Where to Go After Your First Server Ships
You have a working server. Here is the priority order for making it production-grade — based on what we have shipped for clients:
Week 1: Persistent storage. Swap the in-memory dict for SQLite using Python's built-in sqlite3 module. Ten lines. Your tasks survive restarts.
Week 2: Search. Add a search_tasks(query: str) tool with basic string matching. Right now the AI has to read the entire resource to find a specific task. At 500+ tasks, that burns context window tokens for no reason.
Week 3: Remote deployment. Switch to HTTP/SSE transport. Containerize with Docker. Deploy to a VPS or AWS ECS. Update your team's editor configs to point at the remote URL instead of a local Python process.
Week 4: Real-world tool. Build a second server for something your team actually uses — a Slack integration, a GitHub issue tracker, a database query interface. The MCP registry at modelcontextprotocol.io has hundreds of community servers you can study. Most are under 200 lines.
The question worth sitting with: which internal tool in your company would save the most time if every AI your team uses could call it natively? That is your next MCP server. And if you would rather have a team ship it for you in 5 days instead of spending 3 weeks figuring out the edge cases — well, that is literally what we do.

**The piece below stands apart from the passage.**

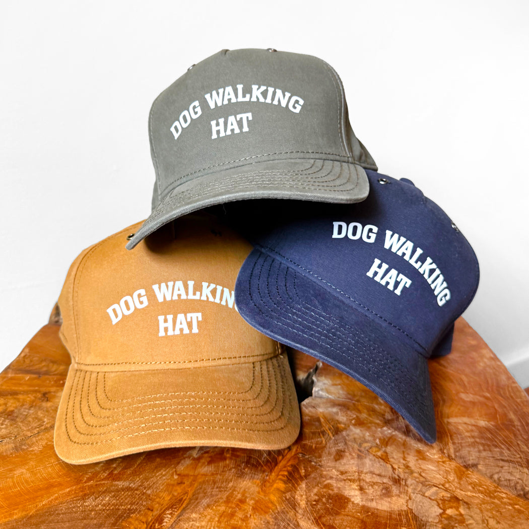 Available in Olive Green, Navy, and Wheat, these versatile, earthy shades pair effortlessly with your go-to dog-walking gear and everyday outfits. The durable brushed cotton canvas, pre-curved bill, and snapback closure offer comfort, breathability, and a custom fit.

Frequently Asked Questions
What is an MCP server?
An MCP server is a program that exposes tools, data resources, and prompt templates through a standardized JSON-RPC 2.0 interface. Any MCP-compatible AI client — Claude Desktop, Cursor, Windsurf, VS Code Copilot — can connect and use them without custom integration code.
Do I need to know JSON-RPC to build one?
No. The Python SDK and FastMCP wrapper handle the JSON-RPC 2.0 wire format automatically. You write plain Python functions with decorators and type hints. The SDK translates them into protocol-compliant messages.
Is MCP only for Claude?
No. MCP was open-sourced by Anthropic but is now supported by 40+ AI clients including Cursor, Windsurf, VS Code with Copilot, JetBrains AI, and community agent frameworks. One server works across all of them.
Stdio or HTTP — which transport should I start with?
Start with stdio. It requires zero networking setup — the AI client spawns your server as a local subprocess. Switch to HTTP/SSE only when you need remote access, multi-user support, or you are deploying to a shared server.
Can one server expose multiple tools?
Yes. No protocol-level limit. Our production servers typically expose 5–12 tools, 2–3 resources, and 1–2 prompts each. Keep servers focused on one domain — a task tracker, a database querier, a Slack bridge — rather than building one mega-server.